A éstos se añaden los riesgos derivados de dicha cirugía en concreto: resultado estético insatisfactorio, leves asimetrías, dismorfia, resaltes cartilaginosos, cambios en la función respiratoria (dificultad en el paso del aire), cicatrices inestéticas, etc.

En cirugía estética, se debe tener en cuenta que se remodela una nariz ya existente y no se trata de hacer una nariz “a la carta”. En los casos en que el resultado no es el esperado, que pueden varias entre un 5 o 10%, se puede realizar algún pequeño retoque consiguiendo que los resultados sean definitivamente satisfactorios.


∨ PREGUNTAS BÁSICAS

¿Qué resultados concretos se pueden conseguir con la Rinoplastia?

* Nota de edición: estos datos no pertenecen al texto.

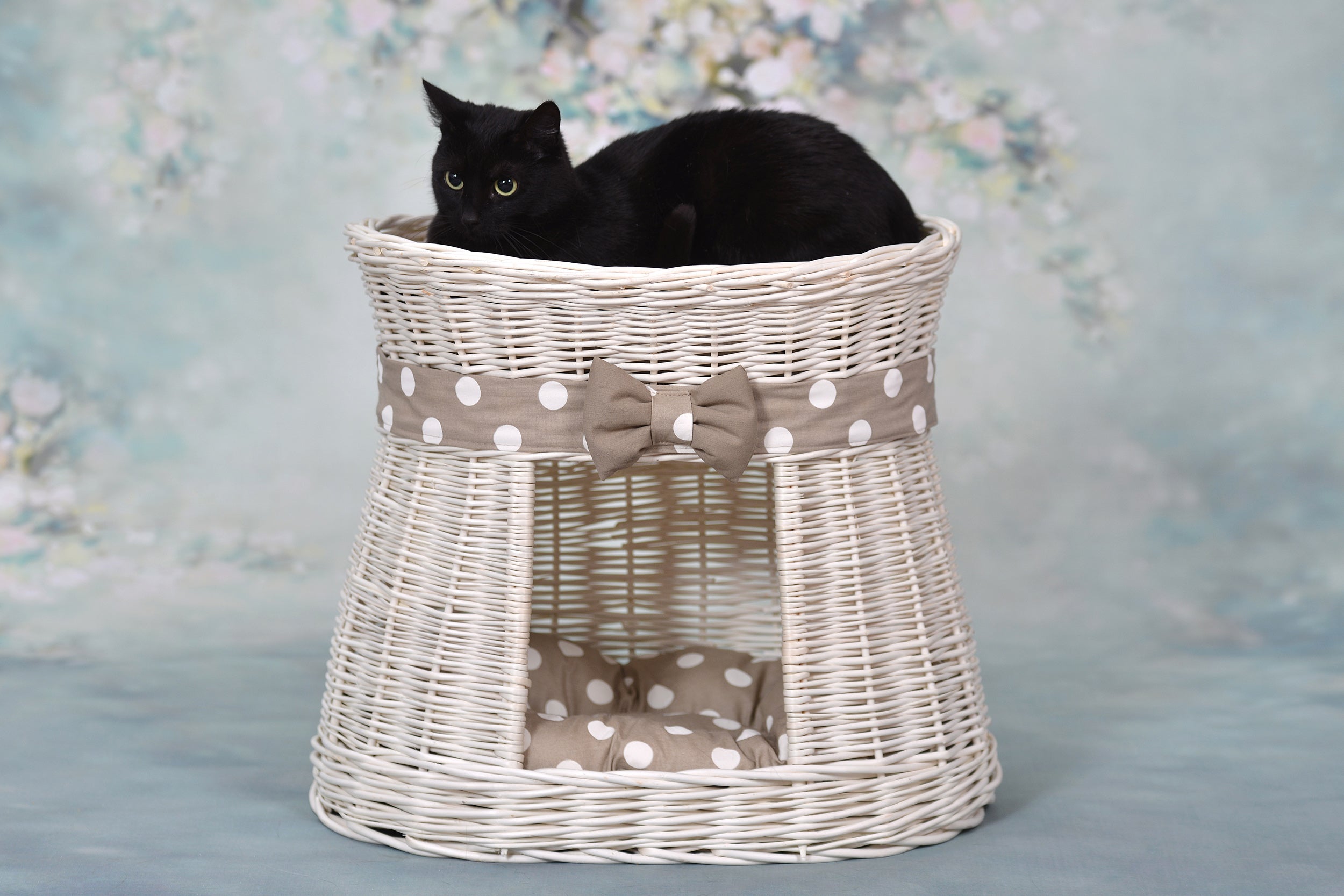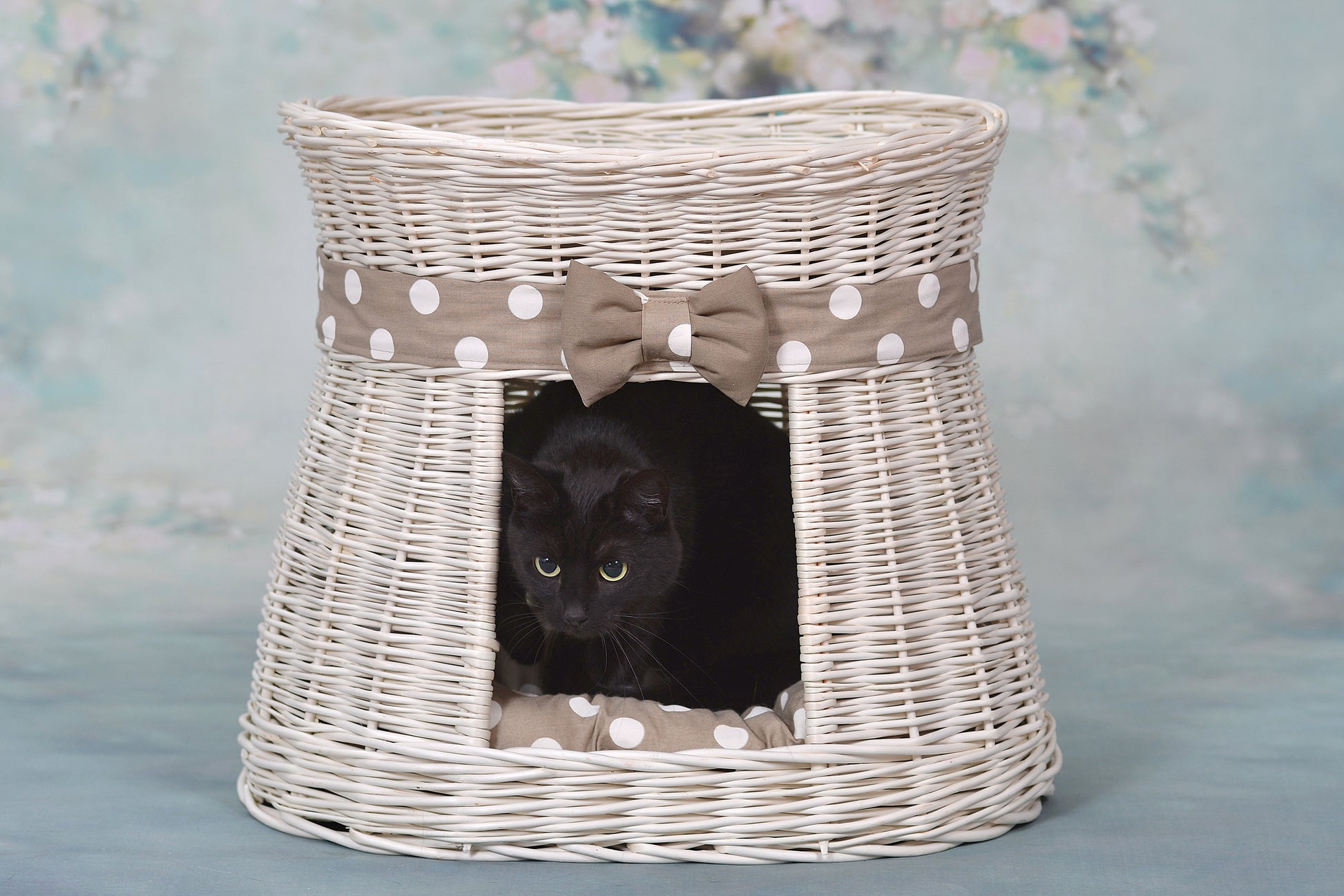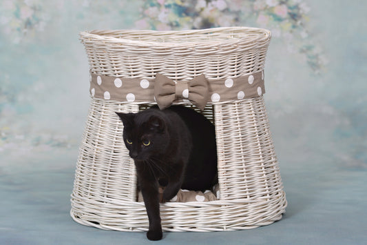 Erif wiklinowy domek dla kota z beżowymi poduszkami, dwie kondygnacje, z kokardą TheWickerStories

Con la Rinoplastia se puede:

-reducir el tamaño global de la nariz
-cambiar el ángulo entre la nariz y el labio superior
-eliminar un abultamiento -cambiar la forma del puente o la punta
-estrechar la anchura de las fosas nasales
-también puede aliviar algunos problemas de respiración.

¿Después de la intervención, ¿cuando se empiezan a ver los resultados?

Se notará la diferencia de manera inmediata pero debido a la hinchazón no se podrán apreciar los resultados reales. Al cabo de una semana la hinchazón empezará a bajar y al cabo de 2 ó 3 semanas habrá desaparecido en un 80%.